Williamson called a news conference on the issue Thursday along with his attorney, George Peck. Peck attributed the complaints to disgruntled employees who are resistant to change.

Neely said he and many other officers, black and white, also are angry about the transfer of several officers and sergeants to different jobs within the department. He charges Williamson ordered their transfers in retaliation because they'd complained to the City Council that there was only one black lieutenant in the department's command structure.

Williamson said the transfers move people who have been in jobs too long and cross-train personnel.

"We are changing everybody every few months," Williamson said.

Most police officers who spoke with The Flint Journal, on the condition they not be identified, say the transfers are a bad idea because they move officers with specific expertise.

For example, a transfer that takes effect Sunday moves a veteran arson investigator with a track record for solving difficult arson cases. He's being sent to the patrol bureau and being replaced with a detective who doesn't have arson experience, the officers said.

This latest dispute appears to have ended a truce and promise of compromise between the mayor and unions representing police employees.

In November, at the prompting of the Flint branch of the NAACP, Williamson, acting Police Chief Gary Hagler, Neely and the president of the Flint Police Officers Union, Keith Speer, held a press conference and talked of solving differences after meeting with a federal Justice Department mediator.

In the days that followed, several police officers who'd been fired quietly returned to work.
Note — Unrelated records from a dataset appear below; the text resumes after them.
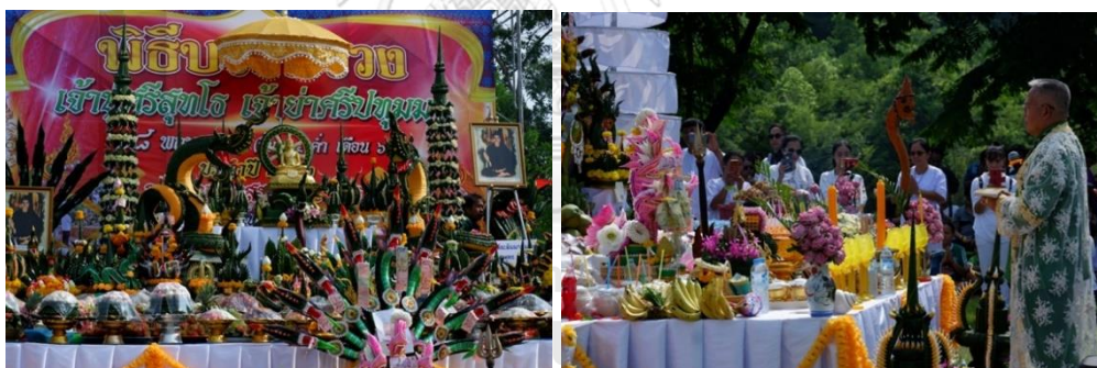
ภาพที่ 6 พิธีบวงสรวงใหญ่เจ้าปู่ศรีสุทโธเจ้าย่าศรีปทุมมา พ.ศ. 2562

ผู้วิจัยสังเกตว่าเครื่องบวงสรวงสักการะในงานวันนี้มีเป็นจำนวนมาก หากนับเฉพาะเครื่องบายศรีพญานาคขนาดใหญ่ที่มีลักษณะเป็นบัลลังก์ 9 เศียรขนาดใหญ่มีจำนวนนับสิบ เครื่องสักการะบวงสรวงหลักที่อยู่บนเวทีคือ พระพุทธรูปที่ตั้งอยู่กลาง และมีพญานาคสองตนขนบอยู่ซ้ายขวา โดยเป็นพญานาคเศียรเดียวองค์ใหญ่ที่ประดิษฐานมาจากใบตอง เป็นวัตถุสัญลักษณ์ที่หมายถึงเจ้าปู่ศรีสุทโธเจ้าย่าศรีปทุมมา ที่คอยปกป้องคุ้มครองศาสนา และมีป้ายที่ทางคณะกรรมการจัดงานจัดทำขึ้น มีข้อความว่า “องค์สมเด็จพระสัมมาสัมพุทธเจ้า ชาตินไทย ศาสนาพุทธ พระมหากษัตริย์ ถวายพระราชกุศลพระบาทสมเด็จพระเจ้าอยู่หัว” ส่วนเครื่องบวงสรวงอื่น ๆ จะเป็นของหวาน ธัญพืช ผลไม้ต่าง ๆ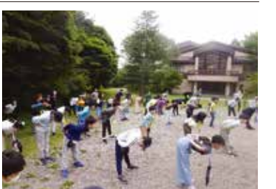
朝のふるさといたばし体操をする参加者

例年海の日の祝日を絡めた三連休に榛名林間学園で二泊三日の野外活動を実施している。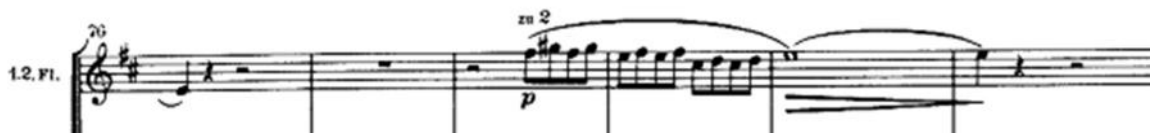
Motivo “tirili”, flautas (A2) (c. 78 a 81)

Aparece un nuevo elemento motivico en flauta (A2) derivado del mismo tema principal y relacionado con la descripción del canto de las aves; - motivo “Tirili” - (Almen. 2007)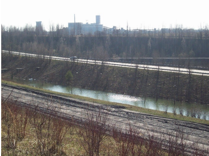
Důl ČSM – poklesy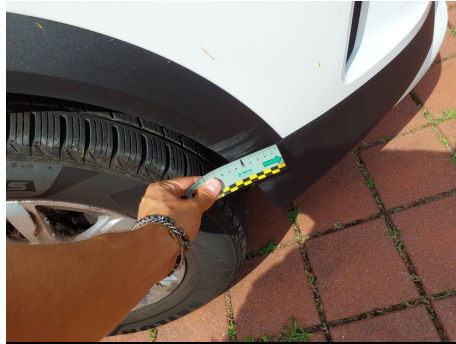
Modanatura parafrang. / Anteriore Destro / Riga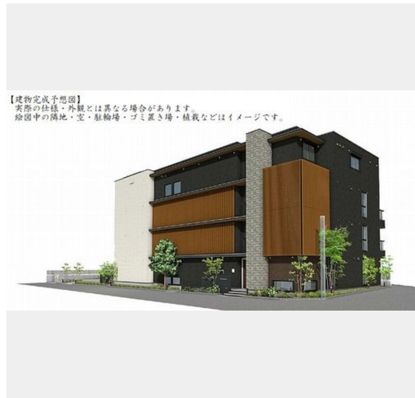
【建物完成予想図】 実際の仕様・外観とは異なる場合があります。 絵图中的の隣地・空・駐輪場・ゴミ置き場・植栽などはイメージです。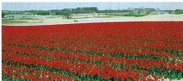
写真2 チューリップ畑

海岸の防風防砂用に植えられたマツ林でも事情は同じで、落枝落葉は燃料として利用され、林内は枯れ枝一つない状態に保たれてきました。いわゆる白砂青松です。この状態はマツの健全性を保つにもよいと考えられています。ところが、昭和30年代から40年代にかけてのいわゆる燃料革命で地方にもプロパンガスなどが普及し、柴刈りや落ち葉掻きをする人が激減しました。そのため、放置されたマツ林には藪が茂り、落ち葉が積もるようになりました。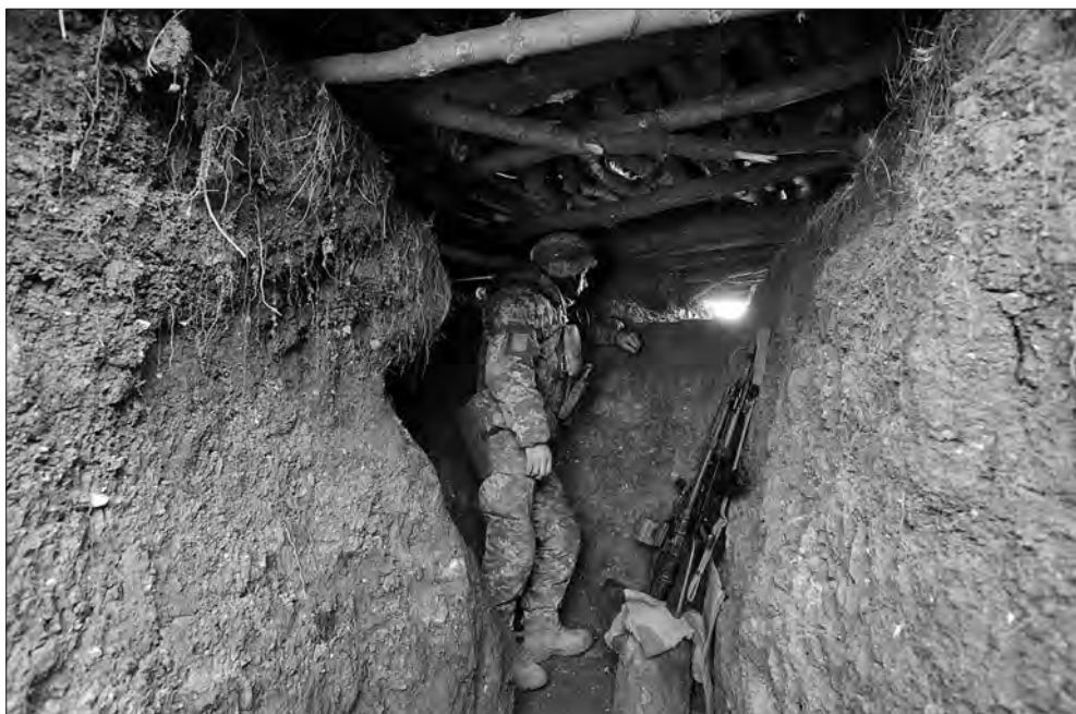
«Лоцман» із Дніпра: 50 років, на війні з серпня 2022-го.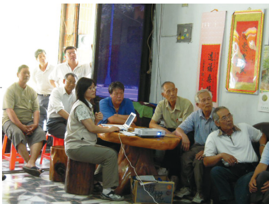
透過里長邀集林農輔導違規暨政策宣導。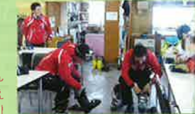
「男はあわてちゃなんねえ、子供からキツク言われてんだ。さ、ポチポチ行くか」出勤準備中の湯の丸教師陣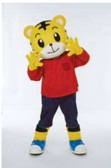
しまじろう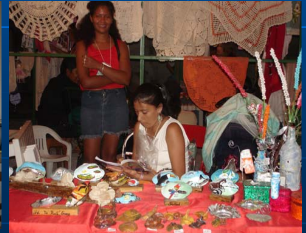
Artesanas – Fexpo Pantanal 2005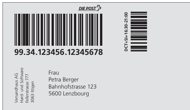
Exemple d'étiquette d'envoi DIRECT avec les prestations complémentaires Signature et Distribution 16h30-21h00

Les lieux de dépôt sont listés au point 3.5.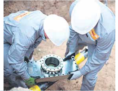
Planen, Absperren und Anbohren: Die e-netz Südhessen ist Experte für die fachgerechte und zeitsparende Stoppelung von Gashochdruckleitungen ohne Versorgungsunterbrechung.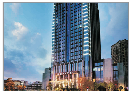
昆明國際品牌Sofitel酒店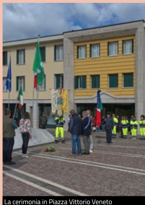
La cerimonia in Piazza Vittorio Veneto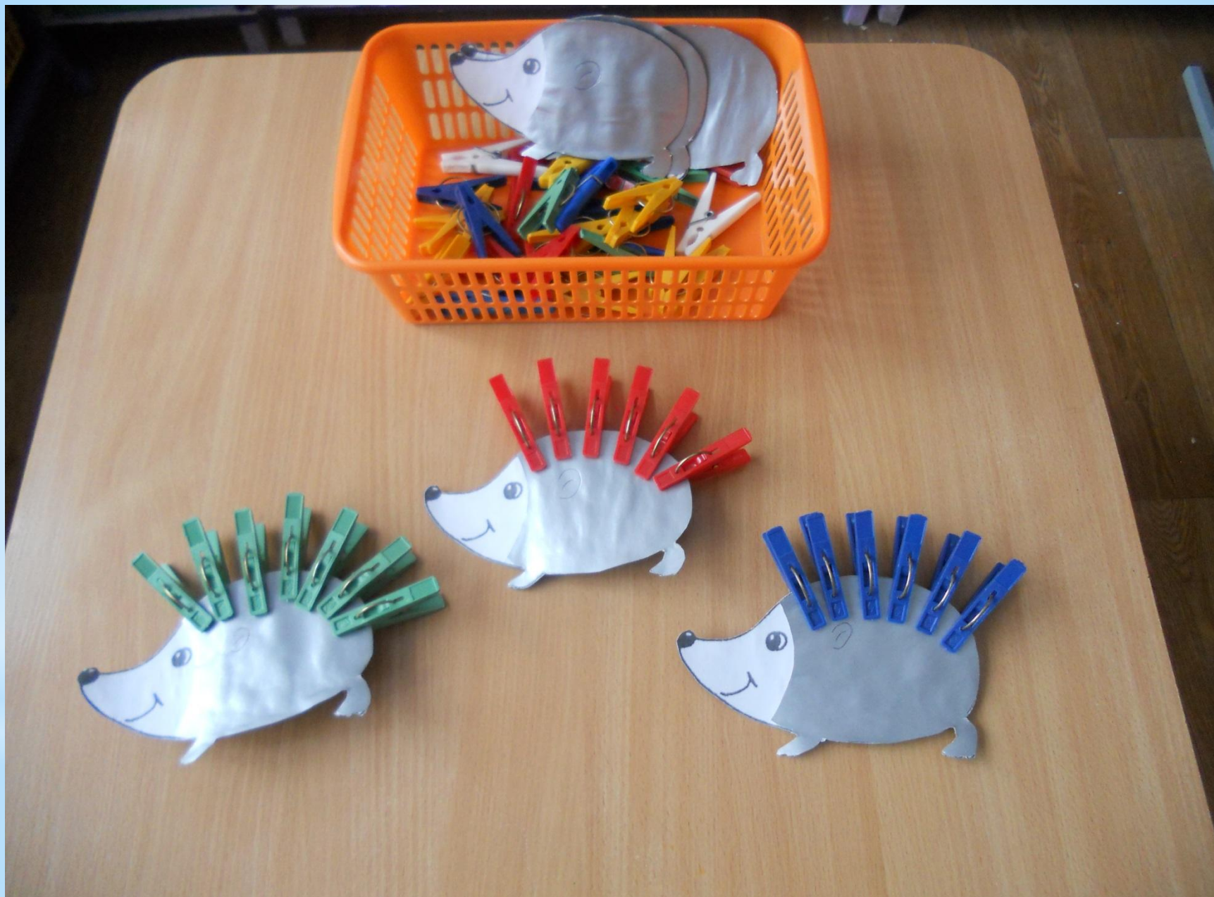
Игры на развитие мелкой моторики.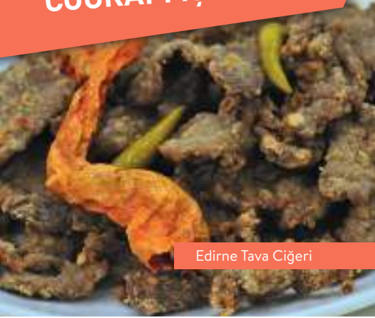
Edirne Tava Ciğeri

Gerçekten yöresinden mi sorusuna cevaptır. Yöresinin kalite işaretidir.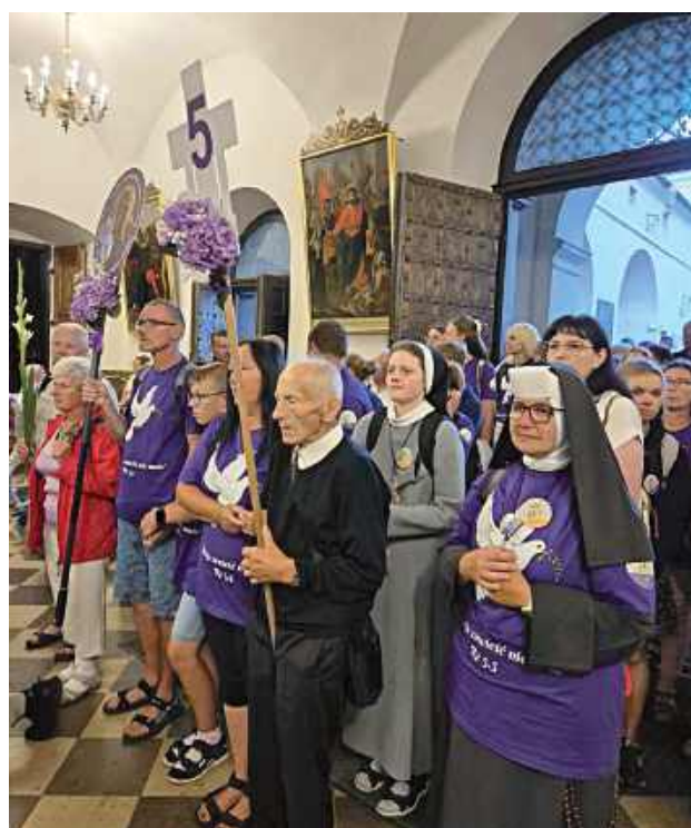
Grupa 5. na jasnogórskim szlaku miała do pokonania dokładnie 364,4 km. Do Częstochowy doszło 186 osób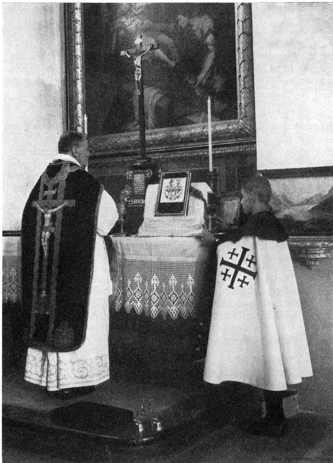
Der Jubilar und sein Altardiener in Beroldingen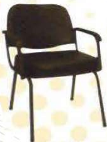
Ref. 013 Demi fauteuil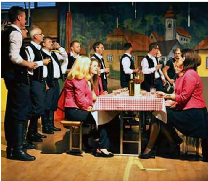
Utrinek z nastopa v Markovcih

Učiteljsko-vzgojiteljski pevski zbor OŠ Hajdina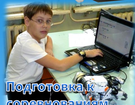
Подготовка к соревнованиям.

Призер Всероссийской роботехнической олимпиады 2015 – 2 место.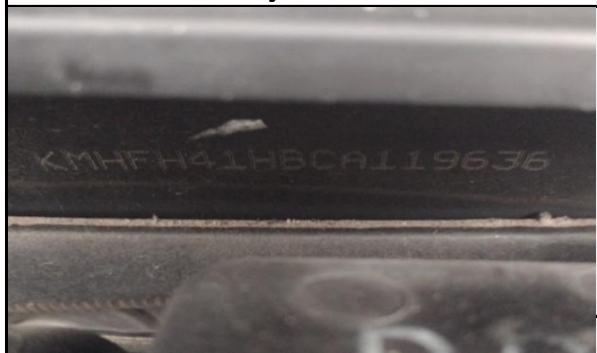
NUMERAÇÃO DO CHASSI

Though union and city officials declined to comment on those returns, some thought it was a sign the two sides were settling matters.

NAACP Flint Branch President Frances L. Gilcreast expressed disappointment that relations between police officers and Williamson have apparently deteriorated.

"This wasn't supposed to supposed to be about the mayor, not about the officers, but for the community," Gilcreast said.



Hey wouldnt you hate to have your arson case still sitting on that empty desk.